- _Data_
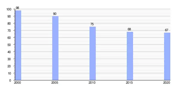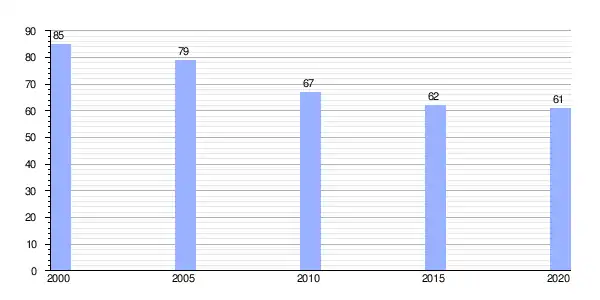 Gráfica de evolución demográfica de Louzarela (parroquia) entre 2000 y 2020 |
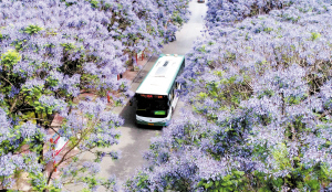 據(jù)了解,這也是昆明最早種植藍(lán)花楹的道路。1984年,中科院昆明植物研究所首次從阿爾及利亞引種了該樹種,與藍(lán)花楹同時(shí)引進(jìn)的還有鳳凰木。這兩種景觀樹都高大優(yōu)美,花開的時(shí)候也特別漂亮。藍(lán)花楹在昆明長(zhǎng)勢(shì)很好,一般在4至6月份都會(huì)開花。在原產(chǎn)地,藍(lán)花楹能開兩個(gè)多月的花,但是在昆明,一般花期只有一個(gè)月左右,比原產(chǎn)地短一些,但并不妨礙市民對(duì)藍(lán)花楹的喜愛。
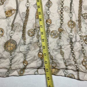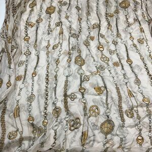 Henri Bendel Silk Scarf Chain Baroque Print Beige Regal Designer Luxe Wrap 86x35
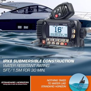 IPX8 waterproof and backed by Standard Horizon’s 3-year waterproof warranty

- _Task requirements_
All lines from the one that contains "Henri Bendel Silk" through the last line of the data should be retyped exactly, with the pictures left out.

- _Answer box_
 Henri Bendel Silk Scarf Chain Baroque Print Beige Regal Designer Luxe Wrap 86x35
 IPX8 waterproof and backed by Standard Horizon’s 3-year waterproof warranty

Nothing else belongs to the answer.